● Exercise materials:
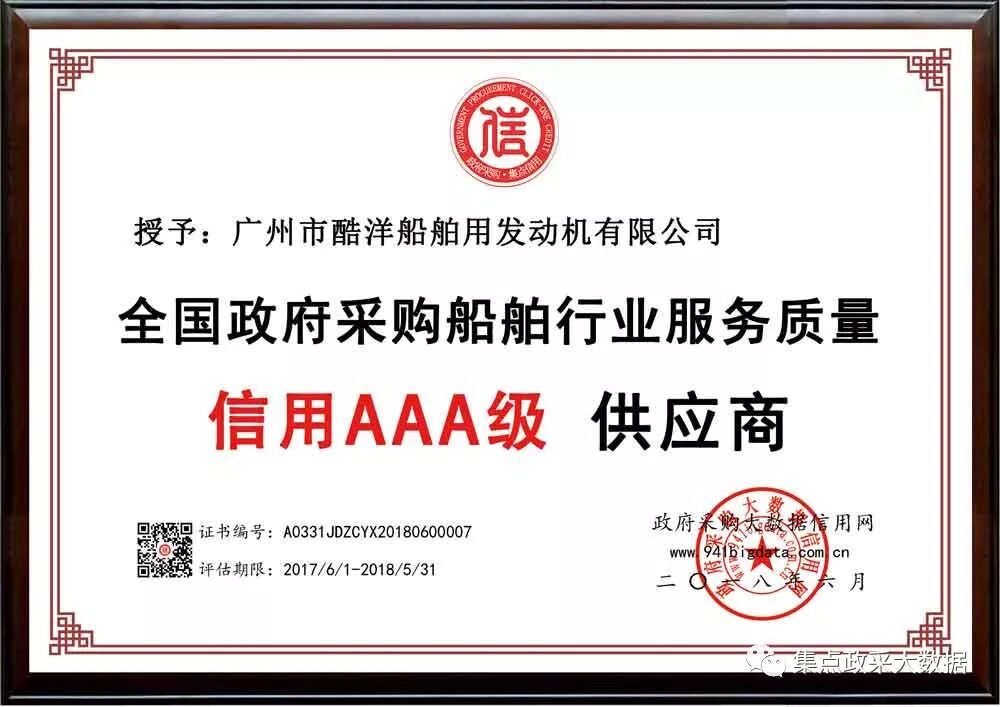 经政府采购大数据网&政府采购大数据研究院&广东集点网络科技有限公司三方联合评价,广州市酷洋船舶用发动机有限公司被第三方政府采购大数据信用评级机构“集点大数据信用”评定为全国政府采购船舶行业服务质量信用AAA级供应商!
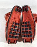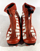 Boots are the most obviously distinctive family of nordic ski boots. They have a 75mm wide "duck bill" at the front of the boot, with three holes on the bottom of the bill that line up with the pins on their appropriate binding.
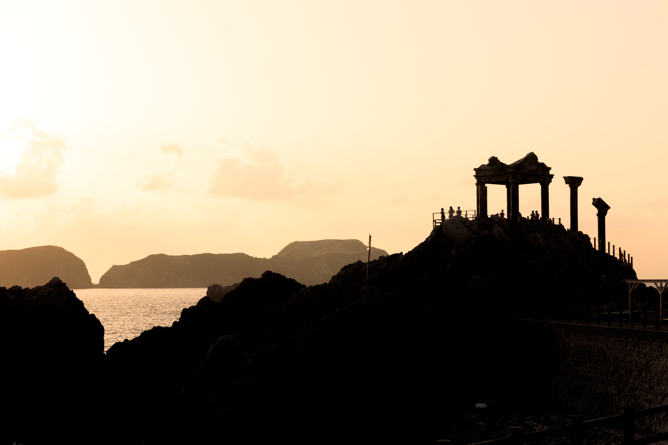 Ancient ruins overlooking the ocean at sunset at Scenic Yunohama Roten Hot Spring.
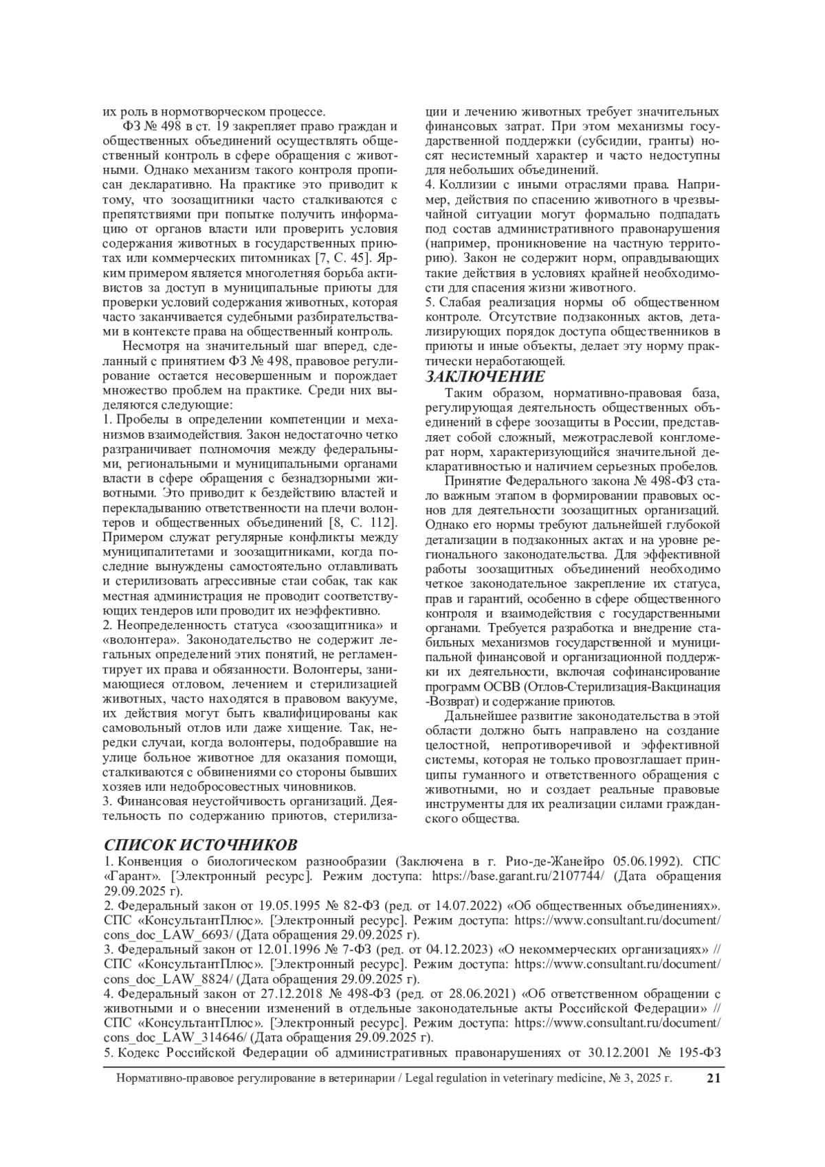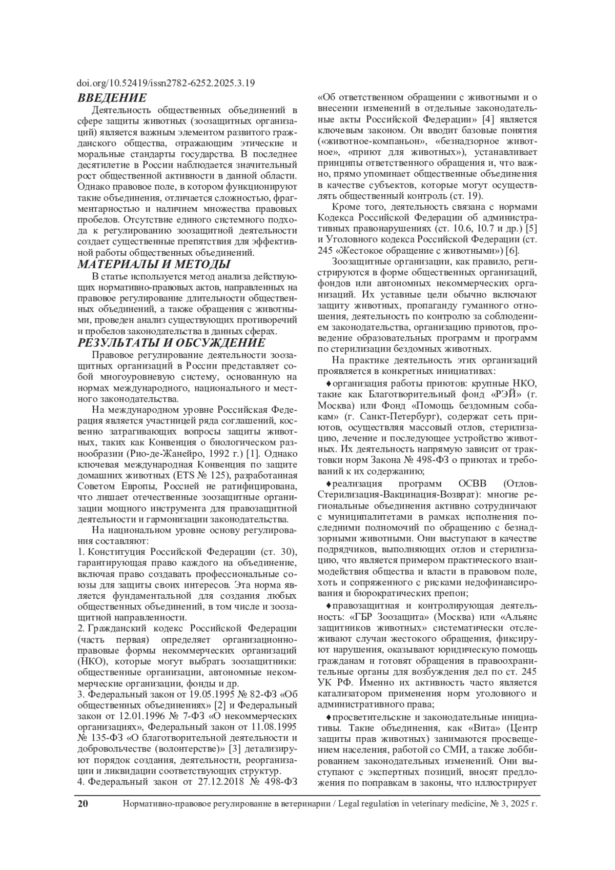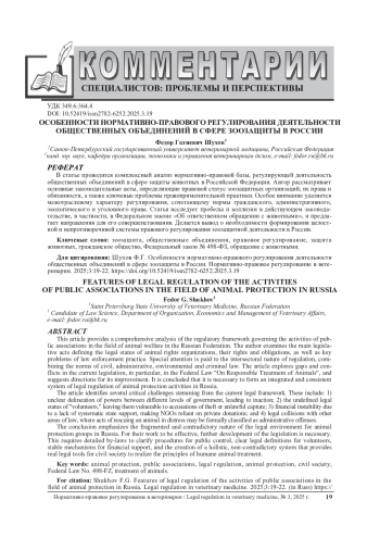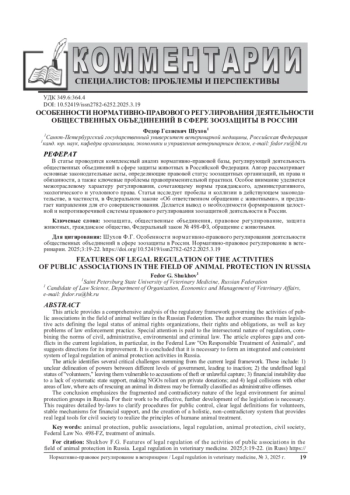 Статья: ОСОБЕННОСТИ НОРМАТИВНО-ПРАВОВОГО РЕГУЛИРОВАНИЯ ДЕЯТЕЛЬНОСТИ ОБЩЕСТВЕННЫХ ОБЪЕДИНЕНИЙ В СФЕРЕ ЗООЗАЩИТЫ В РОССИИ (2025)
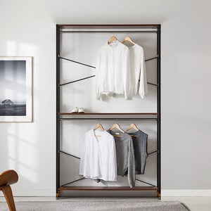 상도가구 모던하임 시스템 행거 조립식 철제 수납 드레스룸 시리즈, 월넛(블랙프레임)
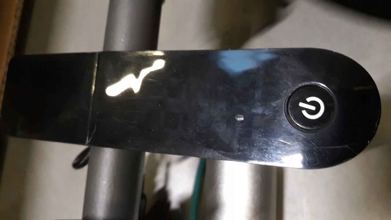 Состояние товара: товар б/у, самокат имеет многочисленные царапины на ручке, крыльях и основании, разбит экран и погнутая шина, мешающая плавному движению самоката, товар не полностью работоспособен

--

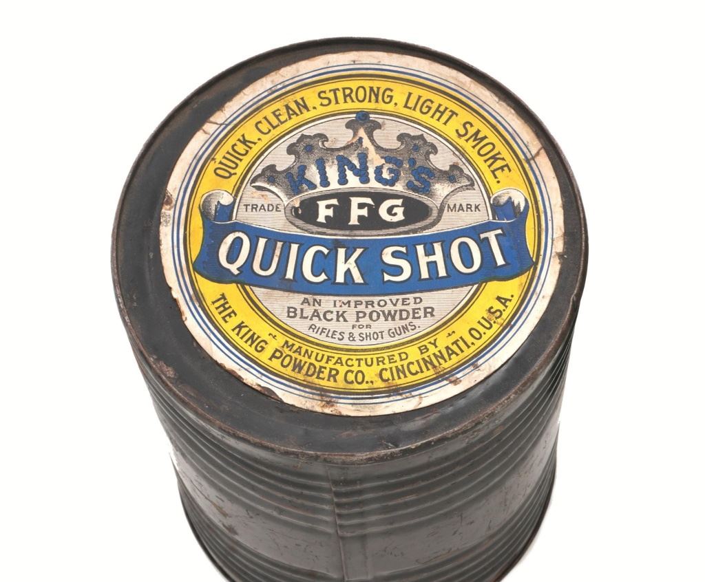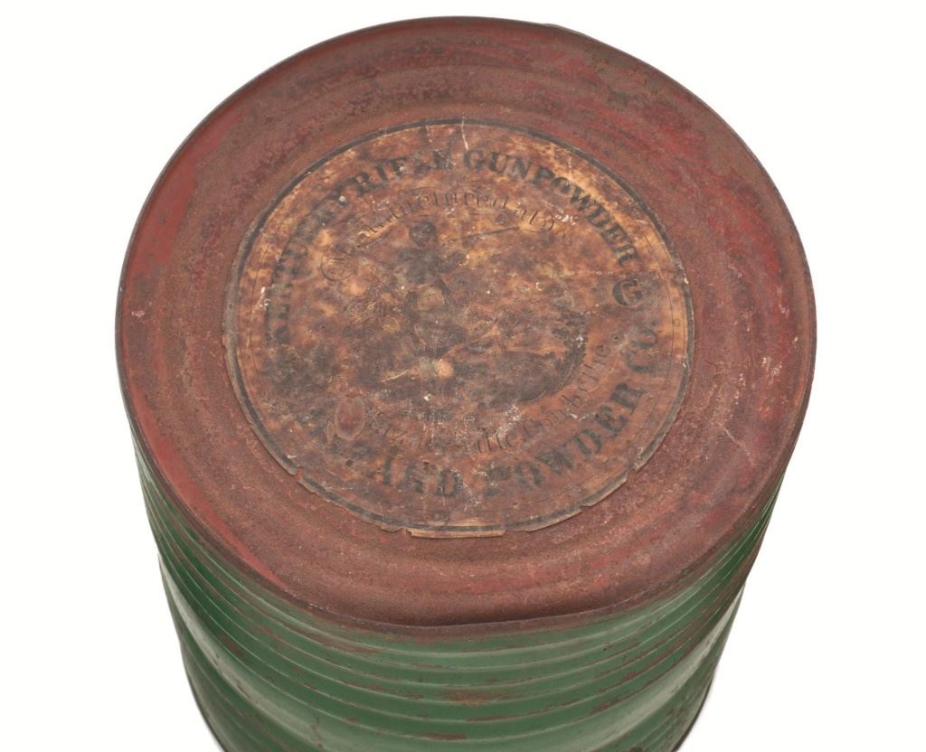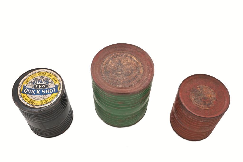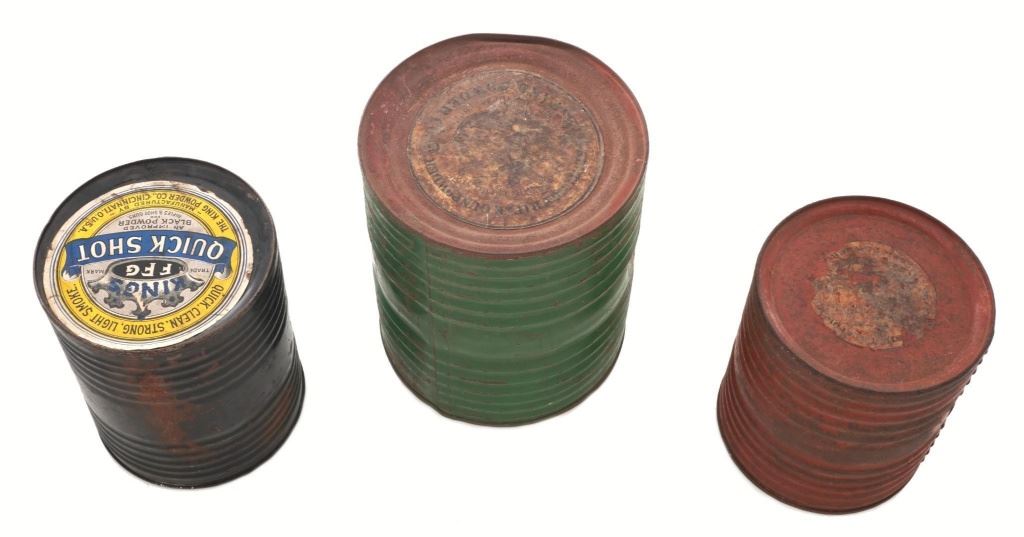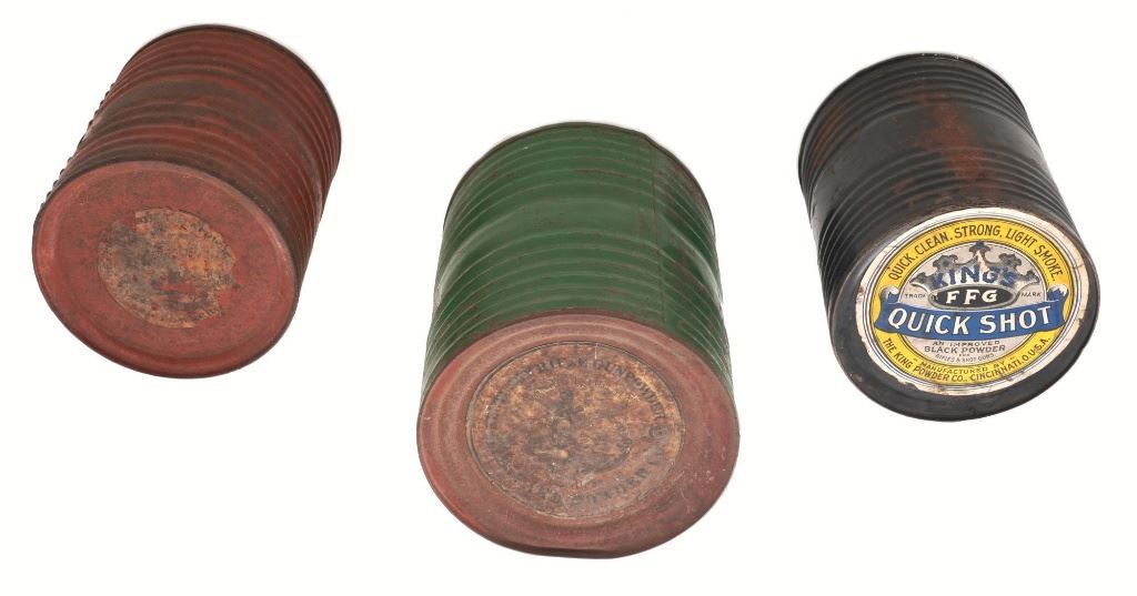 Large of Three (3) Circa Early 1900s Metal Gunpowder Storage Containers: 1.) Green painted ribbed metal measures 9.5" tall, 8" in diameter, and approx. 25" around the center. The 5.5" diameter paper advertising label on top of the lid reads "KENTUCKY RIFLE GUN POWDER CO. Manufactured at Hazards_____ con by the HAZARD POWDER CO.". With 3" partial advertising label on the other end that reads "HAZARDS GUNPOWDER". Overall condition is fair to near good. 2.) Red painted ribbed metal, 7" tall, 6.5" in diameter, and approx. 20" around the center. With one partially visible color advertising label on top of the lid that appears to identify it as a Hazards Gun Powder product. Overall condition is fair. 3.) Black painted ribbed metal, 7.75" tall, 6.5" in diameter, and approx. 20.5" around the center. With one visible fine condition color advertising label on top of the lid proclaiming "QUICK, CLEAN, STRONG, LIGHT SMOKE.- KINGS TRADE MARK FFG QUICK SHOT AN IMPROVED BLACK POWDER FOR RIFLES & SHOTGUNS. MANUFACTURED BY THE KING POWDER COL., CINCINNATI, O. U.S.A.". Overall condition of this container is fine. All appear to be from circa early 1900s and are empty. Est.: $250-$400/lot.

● Your goal: Everything above from the line that has "Ancient ruins overlooking" down to the line that has "Состояние товара: товар" should be output exactly, with both of those lines included. Leave the pictures behind.

● Exercise output:
 Ancient ruins overlooking the ocean at sunset at Scenic Yunohama Roten Hot Spring.
 Статья: ОСОБЕННОСТИ НОРМАТИВНО-ПРАВОВОГО РЕГУЛИРОВАНИЯ ДЕЯТЕЛЬНОСТИ ОБЩЕСТВЕННЫХ ОБЪЕДИНЕНИЙ В СФЕРЕ ЗООЗАЩИТЫ В РОССИИ (2025)
 상도가구 모던하임 시스템 행거 조립식 철제 수납 드레스룸 시리즈, 월넛(블랙프레임)
 Состояние товара: товар б/у, самокат имеет многочисленные царапины на ручке, крыльях и основании, разбит экран и погнутая шина, мешающая плавному движению самоката, товар не полностью работоспособен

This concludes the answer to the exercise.